В день, когда я спасла этого человека по какому-то неведомому порыву, вместо того, чтобы лишь наблюдать или самой приложить руку к его гибели с целью забрать себе его жизненные силы, будто сама судьба подтолкнула на этот поступок, я впервые ощутила, что моё сердце бьётся и что в нём есть для кого-то место.

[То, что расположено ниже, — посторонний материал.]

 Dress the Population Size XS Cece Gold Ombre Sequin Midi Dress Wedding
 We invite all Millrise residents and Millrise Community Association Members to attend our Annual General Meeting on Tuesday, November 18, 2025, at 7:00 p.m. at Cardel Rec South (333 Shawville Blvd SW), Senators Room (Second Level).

Я не получила его жизненные силы, но он, оставшись в живых, дал мне нечто иное, более живое и прекрасное. Он дал мне то, что я берегла в своём сердце и душе.
***
— Так что вы, русалки, — Риндо всё ещё с небольшим недоверием произносил это слово, когда заговаривал со мной на эту тему, будто наличие у меня хвоста не являлось максимальным доказательством, — едите?..
— Как что? — я изобразила искреннее удивление и прикрыла ладонью губы, глядя на его лицо в ожидании появления каких-то эмоций, — за несколько недель знакомства он показался слишком отстранённым и не очень эмоциональным, что я желала исправить. — Мы едим людей.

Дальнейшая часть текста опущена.